Friday Links

Apparently President Lyndon Johnson, known for his support of Rhodesia (and paradoxically for signing the Civil Rights Act of 1965 in the United States), had a big part in the origins of modern humanitarianism in the United States. Writing in The New Yorker reporter Philip Gourevitch recounts an order from Johnson to his Undersecretary of State as images of starving, wasting children from the Biafran War competed with images of the American occupation in Vietnam: “Just get those nigger babies off my TV set.” The US then apparently contributed a couple of million dollars to help Biafran refugees, though way less than Britain and other relatively wealthy nations.
* The Museum of Art and Design in Manhattan is hosting the massive “Global Africa Arts Project” in November. It features the work over 100 artists working in Africa, Europe, Asia, the United States, and the Caribbean.
* Link to pictures from the wedding of Congolese politician Mbusa Nyamwisi’s wedding in Kinshasa. Some bloggers (and twitterers) made a meal of it, but some people told me they’ve seen better in Lagos and I can vouch for the gaudiness of Johannesburg nouveau riche weddings.
* Twitterers in the Nigerian capital Abuja tweeted the #Nigeriaat50 bomb explosions during which eight people died. [Committee to Protect Journalists]

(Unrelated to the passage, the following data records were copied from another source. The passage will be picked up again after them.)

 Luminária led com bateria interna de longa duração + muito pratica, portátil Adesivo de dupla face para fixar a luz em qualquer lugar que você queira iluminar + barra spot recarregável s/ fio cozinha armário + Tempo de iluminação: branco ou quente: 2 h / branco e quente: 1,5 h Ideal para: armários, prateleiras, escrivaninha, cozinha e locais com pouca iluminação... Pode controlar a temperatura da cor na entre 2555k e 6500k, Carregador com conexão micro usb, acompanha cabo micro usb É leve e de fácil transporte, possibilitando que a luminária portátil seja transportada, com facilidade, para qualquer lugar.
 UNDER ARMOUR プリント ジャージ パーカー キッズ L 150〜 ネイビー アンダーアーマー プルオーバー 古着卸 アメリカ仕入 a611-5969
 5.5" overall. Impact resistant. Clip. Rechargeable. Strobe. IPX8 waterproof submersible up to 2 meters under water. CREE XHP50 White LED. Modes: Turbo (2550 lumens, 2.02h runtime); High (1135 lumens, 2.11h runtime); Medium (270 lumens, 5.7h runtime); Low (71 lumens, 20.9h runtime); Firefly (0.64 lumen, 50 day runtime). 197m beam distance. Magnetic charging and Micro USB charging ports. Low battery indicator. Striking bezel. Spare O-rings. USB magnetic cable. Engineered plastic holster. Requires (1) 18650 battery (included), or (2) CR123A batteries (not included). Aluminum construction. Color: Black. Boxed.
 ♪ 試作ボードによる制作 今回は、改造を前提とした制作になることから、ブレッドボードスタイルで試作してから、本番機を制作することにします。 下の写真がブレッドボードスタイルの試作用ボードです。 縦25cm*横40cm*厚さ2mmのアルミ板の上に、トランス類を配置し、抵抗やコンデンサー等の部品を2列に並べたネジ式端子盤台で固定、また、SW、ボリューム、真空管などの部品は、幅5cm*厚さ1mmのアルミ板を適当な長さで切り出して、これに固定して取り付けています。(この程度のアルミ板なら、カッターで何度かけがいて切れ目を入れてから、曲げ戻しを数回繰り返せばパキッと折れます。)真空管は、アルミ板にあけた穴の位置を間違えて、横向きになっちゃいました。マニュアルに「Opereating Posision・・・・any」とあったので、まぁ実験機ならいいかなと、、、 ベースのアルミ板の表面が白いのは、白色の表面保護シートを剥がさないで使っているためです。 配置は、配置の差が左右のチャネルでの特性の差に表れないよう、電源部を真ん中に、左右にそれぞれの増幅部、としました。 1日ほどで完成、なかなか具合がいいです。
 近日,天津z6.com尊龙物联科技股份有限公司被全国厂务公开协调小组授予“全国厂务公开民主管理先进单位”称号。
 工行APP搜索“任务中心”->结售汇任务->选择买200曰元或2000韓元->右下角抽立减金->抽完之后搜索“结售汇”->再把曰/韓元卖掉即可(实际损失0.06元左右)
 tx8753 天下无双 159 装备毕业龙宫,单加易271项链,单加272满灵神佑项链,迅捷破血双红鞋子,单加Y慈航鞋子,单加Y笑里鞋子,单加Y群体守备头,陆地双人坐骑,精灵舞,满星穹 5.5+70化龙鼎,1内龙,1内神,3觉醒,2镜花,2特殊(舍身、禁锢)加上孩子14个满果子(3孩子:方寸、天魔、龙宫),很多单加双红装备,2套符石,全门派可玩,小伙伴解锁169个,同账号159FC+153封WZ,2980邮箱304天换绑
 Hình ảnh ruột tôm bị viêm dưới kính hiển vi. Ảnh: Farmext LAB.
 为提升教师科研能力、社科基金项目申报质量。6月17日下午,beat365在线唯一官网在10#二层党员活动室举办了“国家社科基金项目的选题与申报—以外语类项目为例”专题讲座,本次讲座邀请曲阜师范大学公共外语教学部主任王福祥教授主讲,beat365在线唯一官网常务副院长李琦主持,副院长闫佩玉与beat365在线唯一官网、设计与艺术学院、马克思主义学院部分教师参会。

* In the DRC, “… [a] DR Congo rebel commander has been arrested on suspicion of leading raids on villages in the country’s east where 500 people were raped in late July and early August, the UN has said. UN headquarters in New York circulated an announcement by the UN peacekeeping force in Congo of the arrest of commander of a tribal Mai-Mai militia, known as Lieutenant Colonel Mayele, for alleged mass rapes.” [Al Jazeera English]
* Photographer Danny GoldbergGoldfield’s new book, “NYChildren: A child from every country. All in one city,” which includes profiles of African immigrant kids, will be launched at the International Center for Photography in Manhattan on October 22.
* I.B.M sees Africa as “the next growth frontier.” Link to puff piece on the The New York Times’ Bits Blog predicting projected profits in the region of US$1bn. per annum.
* The other CNN (that’s CNN International, not the one you see in the US) traveled to the house (slash museum) of photographer Alf Khumalo in Soweto. Oh, they also did a fluff piece on a South African arms dealer.